# Elinin körünü



## SEA91

Hi all.
Can someone tell me what his means please?

Elinin körünü yapması lazım gelir.


----------



## srknpower

As a Türk, I do not know what it means.  But I will check its meaning and be back 
But I am sure that we use it when we get angry with something or react to people.


----------



## RimeoftheAncientMariner

TÜRK DİL KURUMU

A Word ( rather a saying ) of reprise said in a dire or depressive situation.


----------



## SEA91

RimeoftheAncientMariner said:


> TÜRK DİL KURUMU
> 
> A Word ( rather a saying ) of reprise said in a dire or depressive situation.



How would we say it in English? Is there an equivalent in English?


----------



## Smeros

It's a tricky one.

Its equivalents could be "what nonsense!", "shut up!", "go to hell!"


----------



## RimeoftheAncientMariner

yeah, quite tricky !

I would go for

Sod off ! , i do not wish to hear any of that nay-say ( just expresses this , in state of real annoyance )


----------



## SEA91

Got it! Thank you all!


----------



## wavecrash

I'd like to chime in. I agree with all the previous posters.

"Elinin körü" is an exclamation used to stop someone from being a nuisance but it has acquired more meanings in time and come to be used in different situations.


Imagine the following conversation:

- Did you tell the guy not to press any charges, c'mon c'mon c'mon pleaaaase say you did.
+...
-You promised me you'd do that.
+ Well, I kept my promise.
-Really? What did ya say, c'mon c'mon man, tell me what you said to him!!
+Elinin körü! (as if to say wtf could I have said, geez, shut up, get off of me!)
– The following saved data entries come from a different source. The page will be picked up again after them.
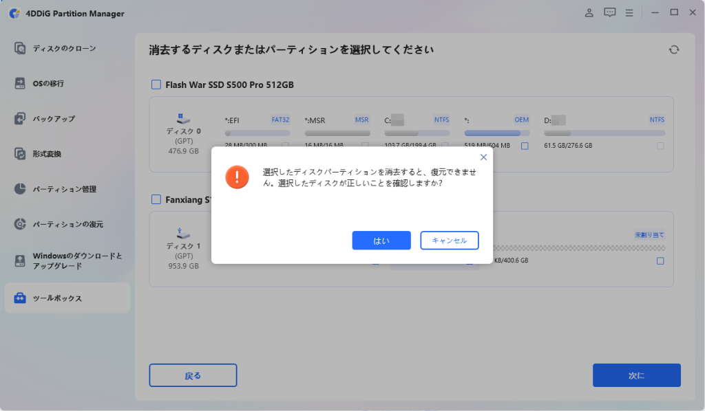 確認メッセージが表示されるので、削除するディスクまたはパーティションを間違いなく選択したことを確認したら、「はい」ボタンをクリックして続行してください。
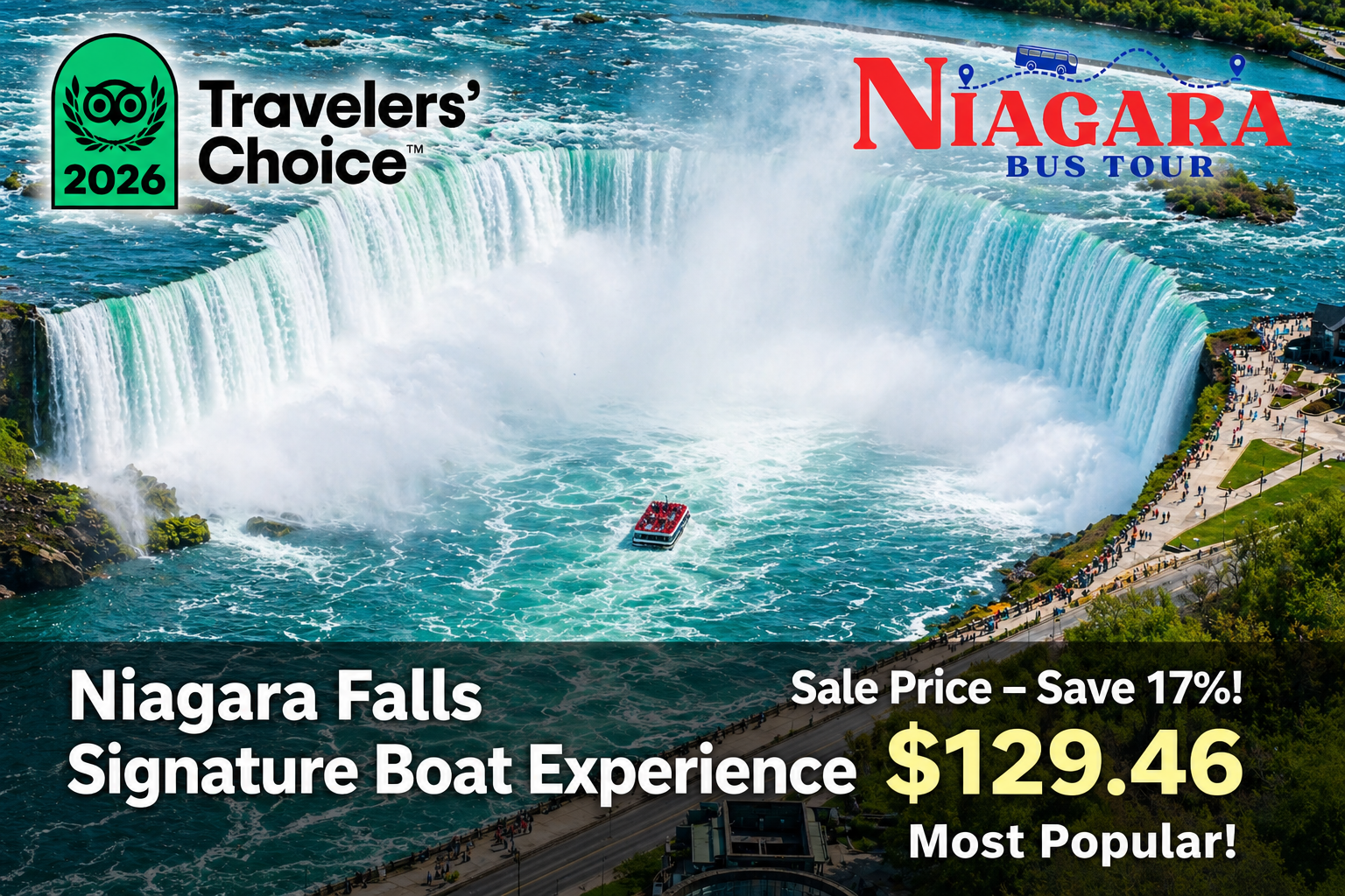 Experience the most iconic Niagara Falls attractions in Canada in one unforgettable day. From the power of the Falls at water level to breathtaking views from above, these attractions show Niagara from every angle. Explore the top experiences below and discover how our guided tours help you enjoy them comfortably, easily, and without stress.
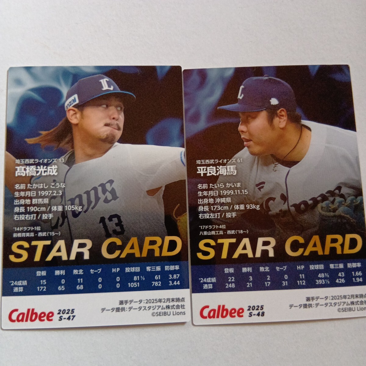 髙橋光成投手、平良海馬投手のスターカードセットになります!
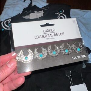 NWT Costume Fringe Cowgirl Vest Shorts W/ Choker White Stitching Blue Rivots XXL
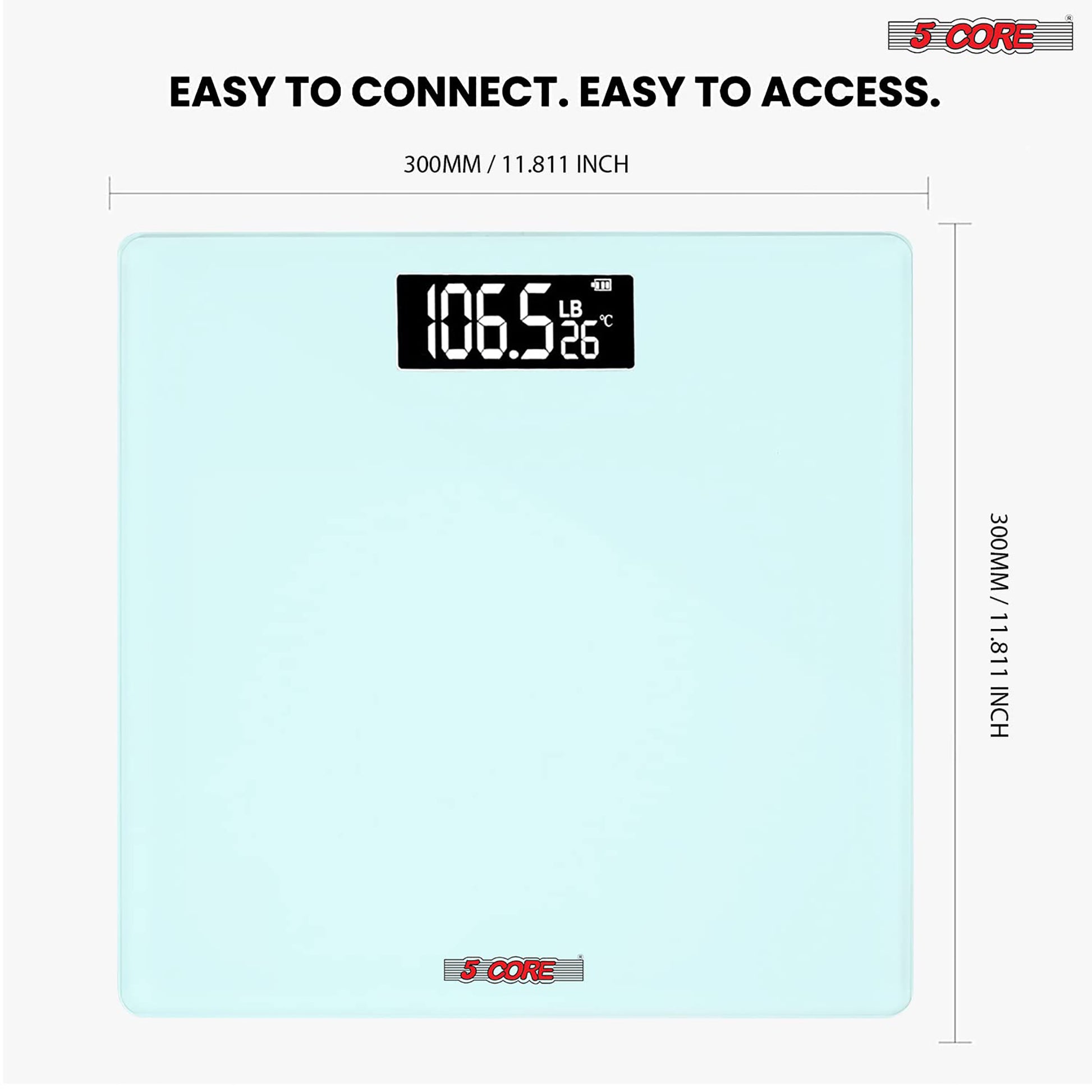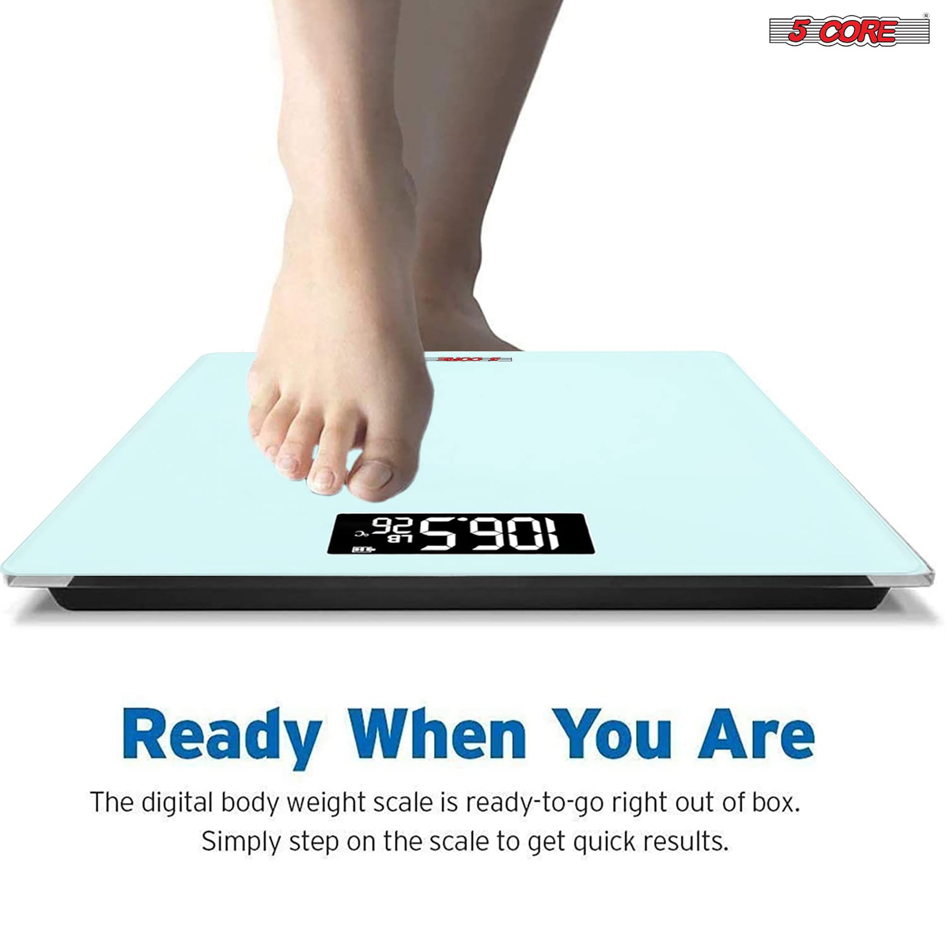 Elegant glass design: This digital body weight scale is made with 6mm Scratch proof tempered glass; it's sleek, nice looking, lightweight, Heavy-duty, and sturdy enough to hold up to 400 pounds/ 180 kg; large platform of 11.8" x 11.8" x 0.2".

So this exclamation indeed means all those things mentioned in the previous replies but with the slight distinctions that
1. either your object of "affection" is nagging at you and you are fed up,
2. or you are angry for some reason and one remark makes you go off:

- mom, what are you going to get me for my birthday? (let's say this is a very poor family)
+ elinin körünü alıcam(alacağım), elinin körünü! ("gonna buy you you-know-what", yeah, gonna buy you that!) (meaning: shut up already!)

-I think I'm going eat another doner.
+elinin körünü ye, öküz! (eat you-know-what, you beast!) (other exclamations: yuh!(boo), oha!, çüş! -the last two being rude versions of "woah!" because they are sounds made to stop an animal (horse, ox, donkey) you've been riding when you arrive your destination.)
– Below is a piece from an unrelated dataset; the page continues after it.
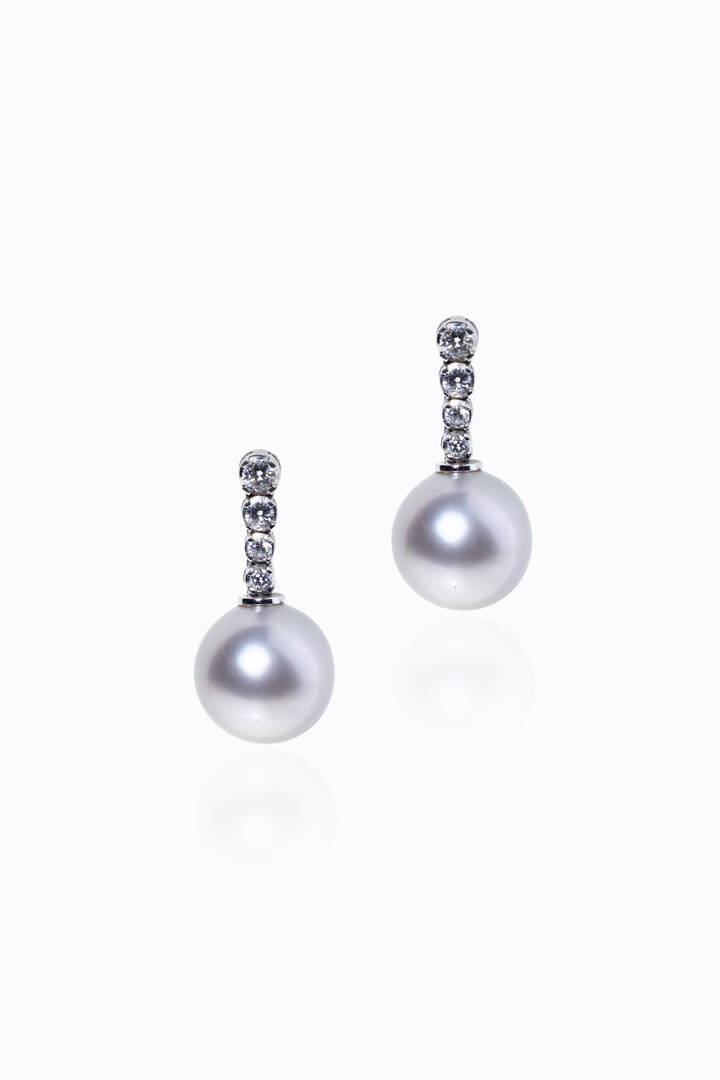 Peso gr 10 7 in oro bianco corpo con diamanti taglio brillante per totali ct 0 30 ca terminanti con due perle australiane nei toni del grigio chiaro del diam. di mm 13 2
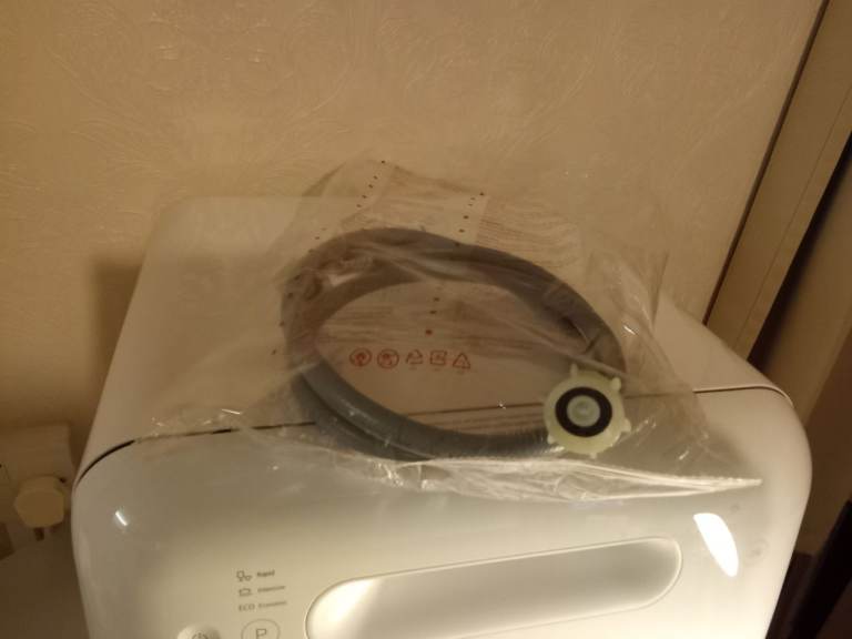 Works perfectly, move forces sale. Inlet hose never used. Beeps when enough water is poured in through the top.

- what was the name of the actor who starred in such-and-such movie for five seconds and then never took any part in another big budget movie? (insert some outlandish question or one whose answer you already know)
+ elinin körü. ("go to hell!", obviously not in the mood to talk) just because I'm a film buff, it doesn't mean I have all the answers.

I exaggerated the extent of nagging very much to make myself clear, and you can come across this exclamation in much milder situations, when it's really uncalled for, depending on how much aggression is in the air.


----------



## SEA91

Thank you so much for the detailed explanation. You have explained it very well and understandable


----------